→ **Task directions**
When you reach the line below that has "With engine turned", start returning lines exactly, and stop after the line that has "ring beads Â"; skip the pictures.

→ **Dataset excerpts**
--- START ---

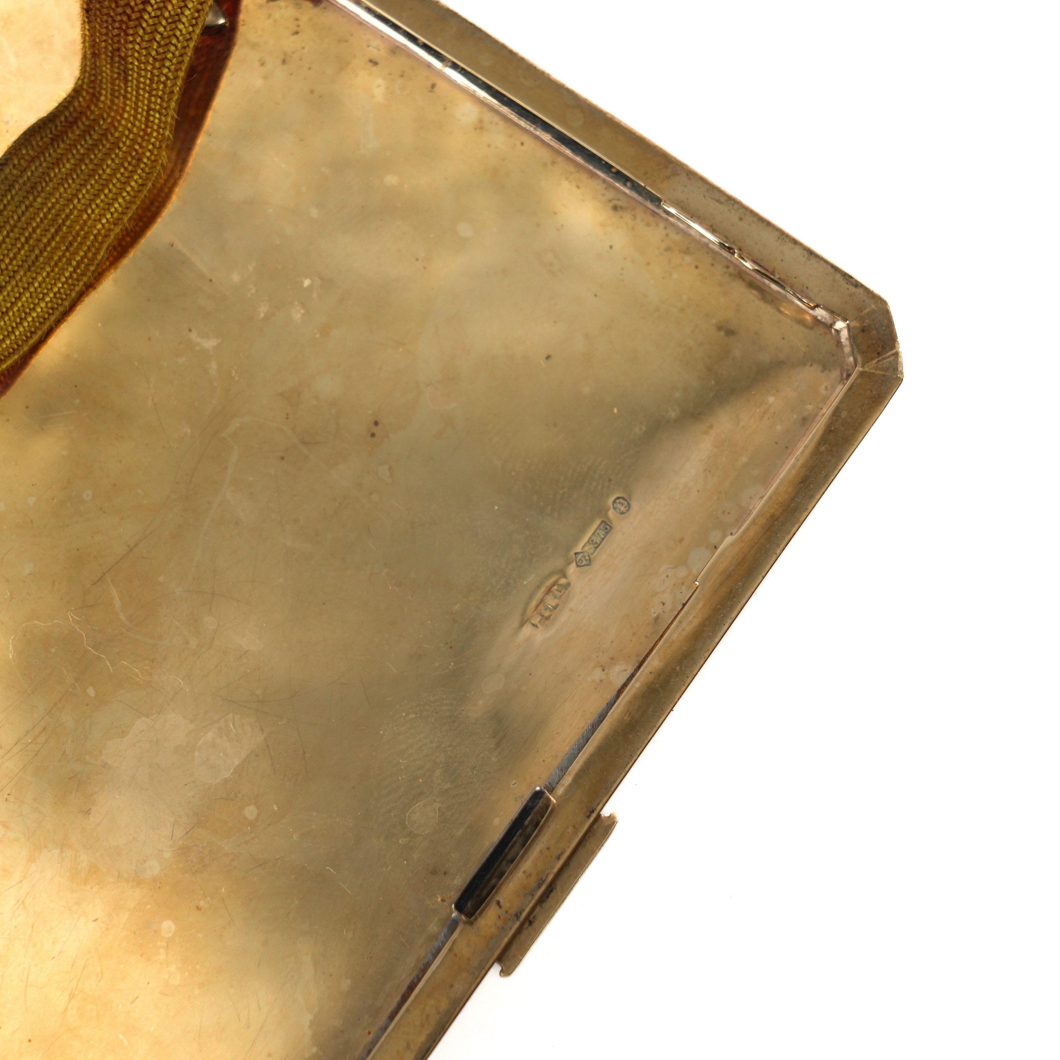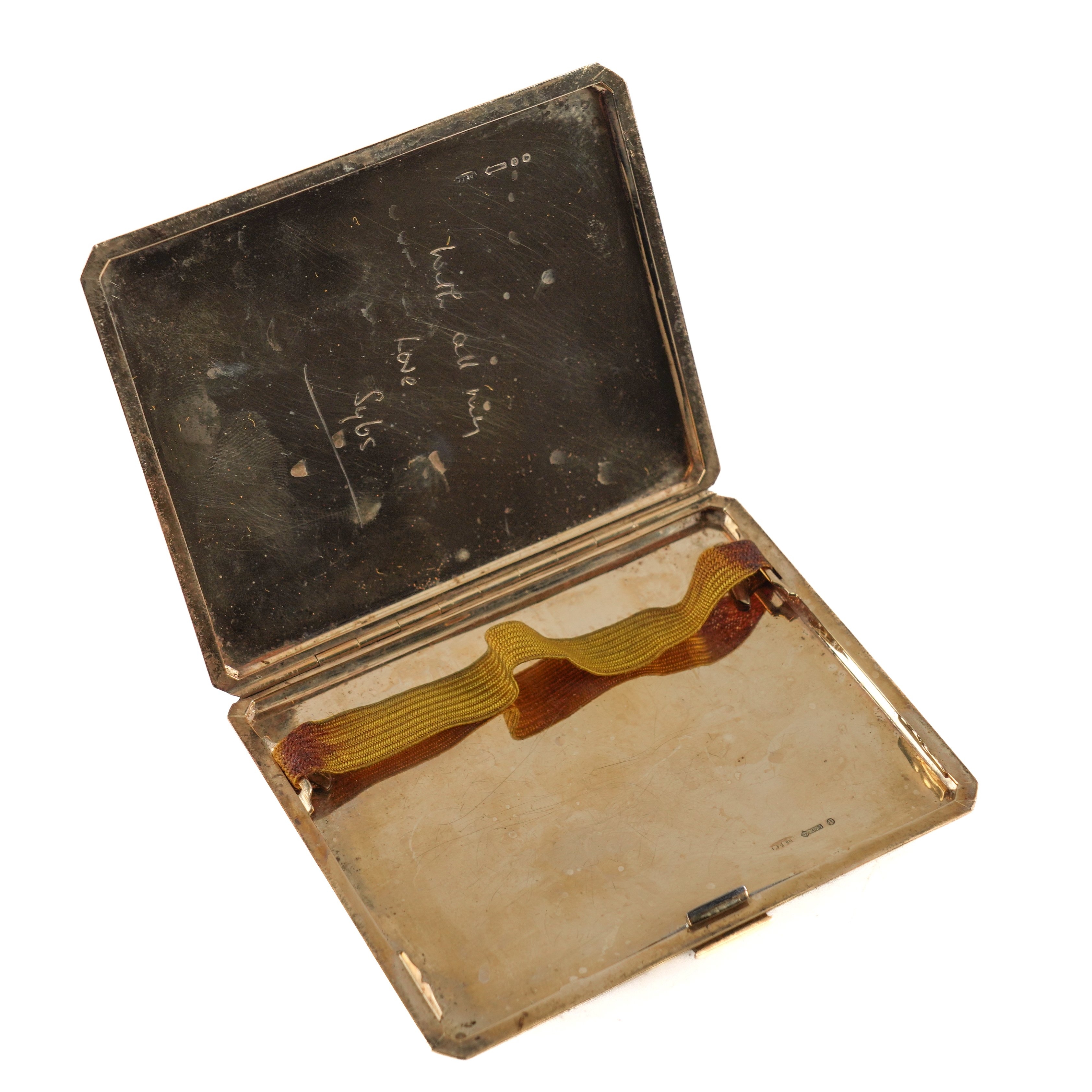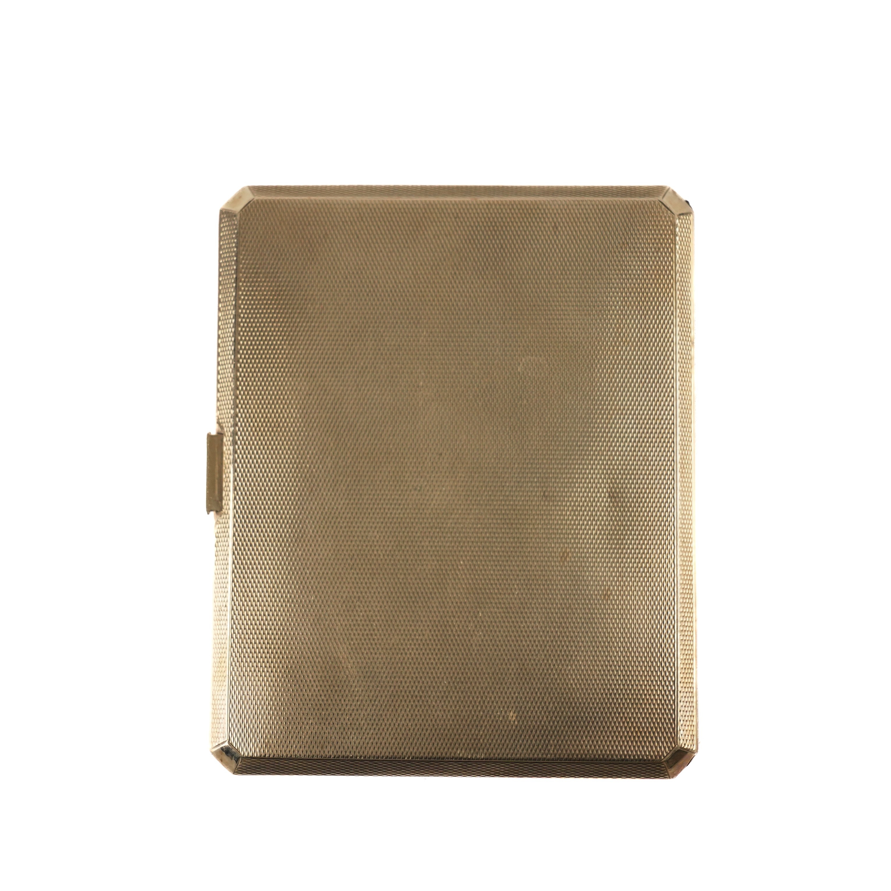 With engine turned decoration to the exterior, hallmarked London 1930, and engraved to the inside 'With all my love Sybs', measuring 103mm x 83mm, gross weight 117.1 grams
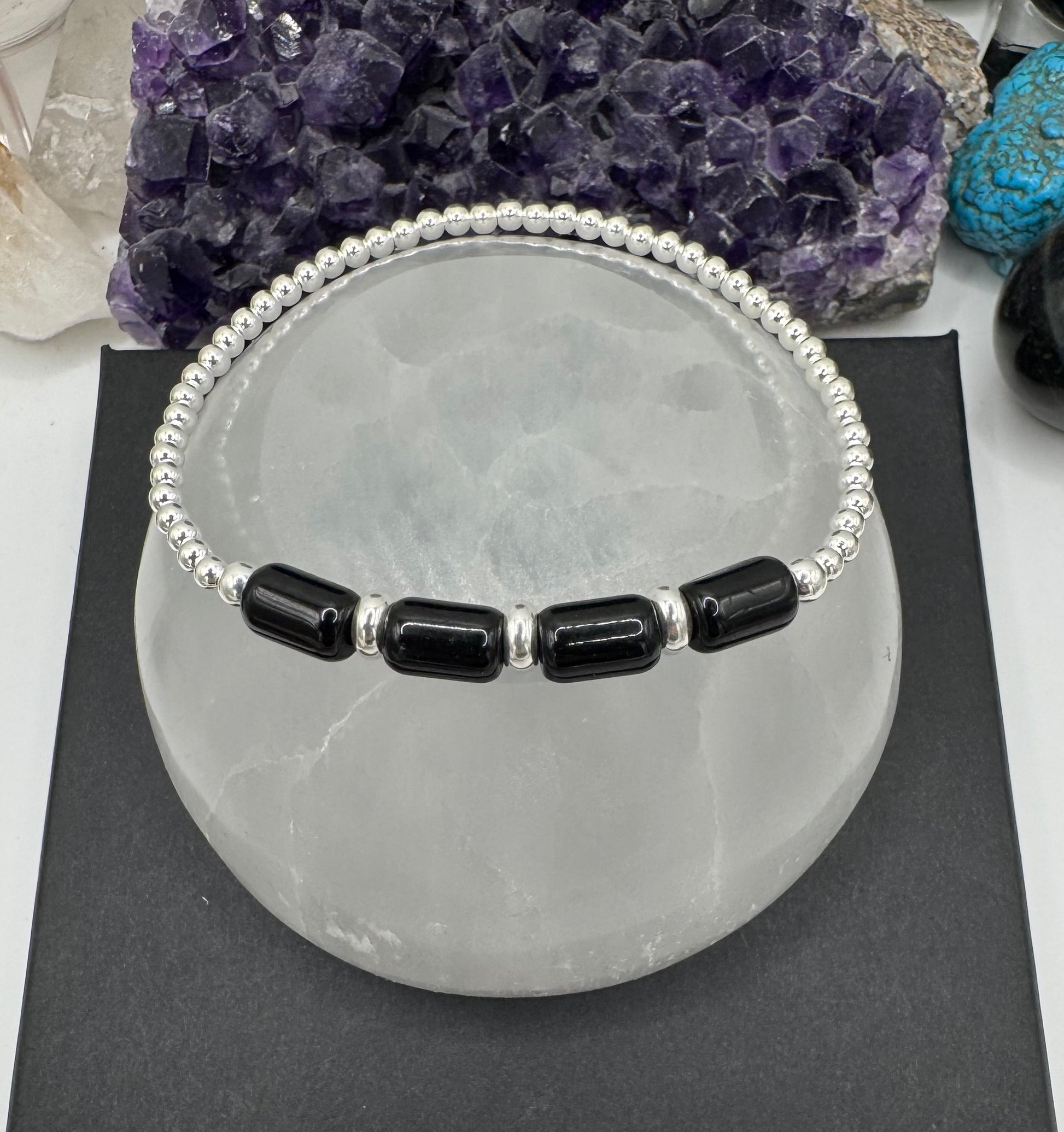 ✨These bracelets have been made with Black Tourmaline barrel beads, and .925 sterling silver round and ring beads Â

--- END ---
--- START ---

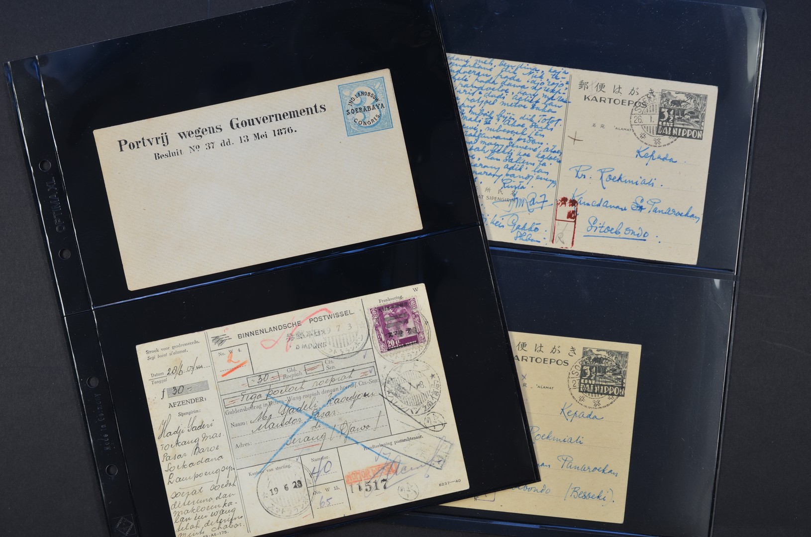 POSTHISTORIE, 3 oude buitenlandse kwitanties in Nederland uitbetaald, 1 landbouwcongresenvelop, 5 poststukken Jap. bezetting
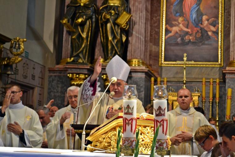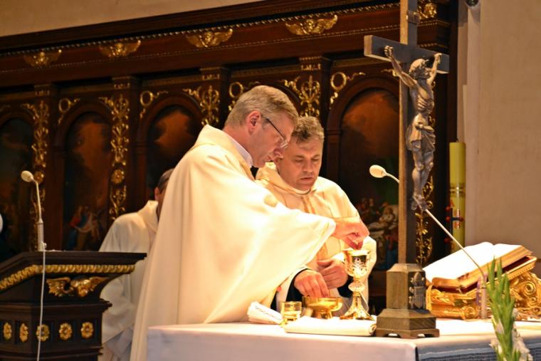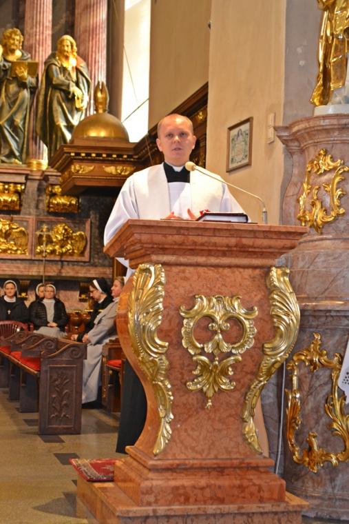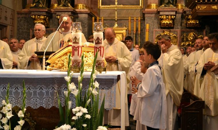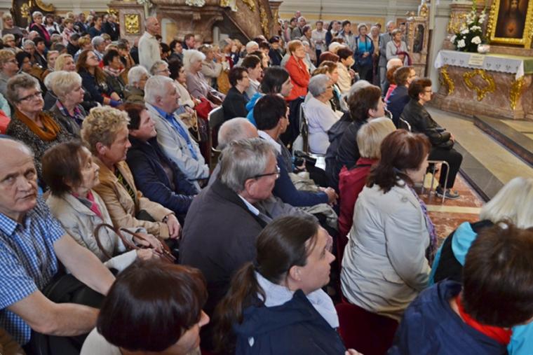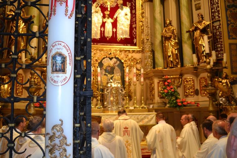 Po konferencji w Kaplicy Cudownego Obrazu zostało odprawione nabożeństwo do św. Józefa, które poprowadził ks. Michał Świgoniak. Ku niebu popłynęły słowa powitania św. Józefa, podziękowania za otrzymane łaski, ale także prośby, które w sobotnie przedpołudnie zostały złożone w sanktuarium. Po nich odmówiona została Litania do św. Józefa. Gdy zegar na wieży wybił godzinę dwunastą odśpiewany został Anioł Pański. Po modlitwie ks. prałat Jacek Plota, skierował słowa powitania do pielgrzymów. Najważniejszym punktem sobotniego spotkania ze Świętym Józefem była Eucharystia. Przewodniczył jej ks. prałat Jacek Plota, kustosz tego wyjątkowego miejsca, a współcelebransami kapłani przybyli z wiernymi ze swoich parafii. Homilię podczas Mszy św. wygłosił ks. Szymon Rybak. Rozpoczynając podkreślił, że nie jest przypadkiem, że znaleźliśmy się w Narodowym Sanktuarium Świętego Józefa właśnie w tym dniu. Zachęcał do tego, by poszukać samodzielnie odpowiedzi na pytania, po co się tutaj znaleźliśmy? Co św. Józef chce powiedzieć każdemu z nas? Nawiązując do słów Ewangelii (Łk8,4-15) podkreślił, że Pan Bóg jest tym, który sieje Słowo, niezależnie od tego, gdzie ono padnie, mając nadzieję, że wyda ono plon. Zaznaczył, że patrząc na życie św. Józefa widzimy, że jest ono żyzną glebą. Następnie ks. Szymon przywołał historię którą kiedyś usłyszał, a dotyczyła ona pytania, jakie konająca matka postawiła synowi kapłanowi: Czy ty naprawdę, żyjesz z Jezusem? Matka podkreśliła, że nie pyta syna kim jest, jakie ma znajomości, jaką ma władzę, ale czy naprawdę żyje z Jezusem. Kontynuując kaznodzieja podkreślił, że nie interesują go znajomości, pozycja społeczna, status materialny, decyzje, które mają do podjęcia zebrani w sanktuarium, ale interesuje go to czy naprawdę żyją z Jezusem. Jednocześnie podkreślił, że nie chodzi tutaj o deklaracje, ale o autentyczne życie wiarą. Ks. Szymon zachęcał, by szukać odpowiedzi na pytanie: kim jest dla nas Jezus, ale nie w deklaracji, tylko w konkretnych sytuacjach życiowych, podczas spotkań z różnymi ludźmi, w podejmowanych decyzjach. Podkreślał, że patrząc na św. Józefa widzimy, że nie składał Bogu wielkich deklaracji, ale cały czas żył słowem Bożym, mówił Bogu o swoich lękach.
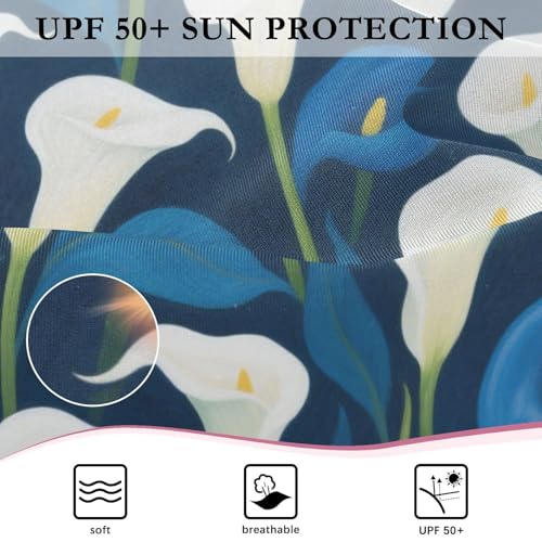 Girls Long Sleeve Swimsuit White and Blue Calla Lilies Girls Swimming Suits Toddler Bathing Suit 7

--- END ---
--- START ---

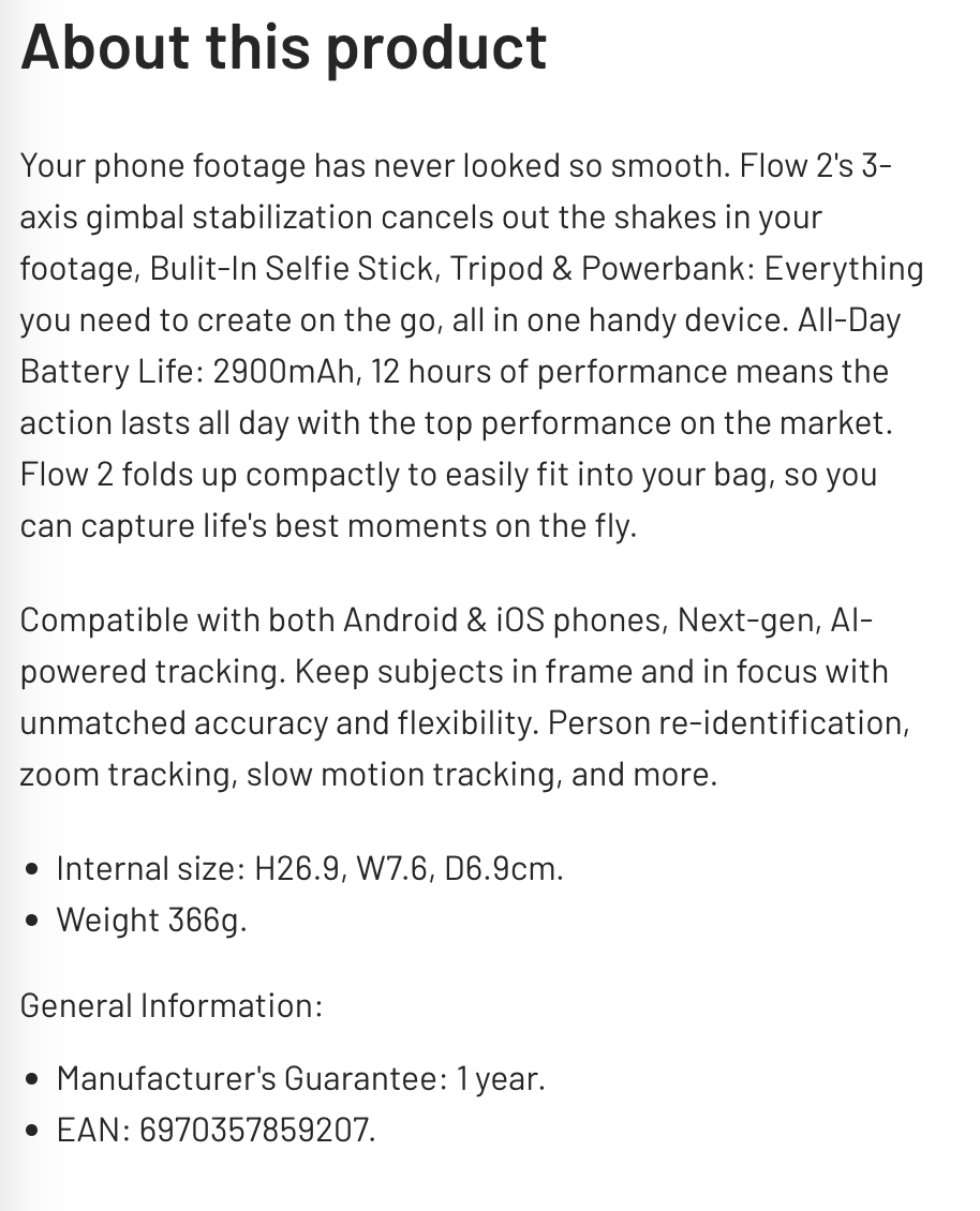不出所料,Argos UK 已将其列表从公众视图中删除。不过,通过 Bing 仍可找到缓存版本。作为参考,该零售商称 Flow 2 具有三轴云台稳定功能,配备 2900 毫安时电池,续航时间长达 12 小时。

--- END ---

→ **Solution to this exercise**
 With engine turned decoration to the exterior, hallmarked London 1930, and engraved to the inside 'With all my love Sybs', measuring 103mm x 83mm, gross weight 117.1 grams
 ✨These bracelets have been made with Black Tourmaline barrel beads, and .925 sterling silver round and ring beads Â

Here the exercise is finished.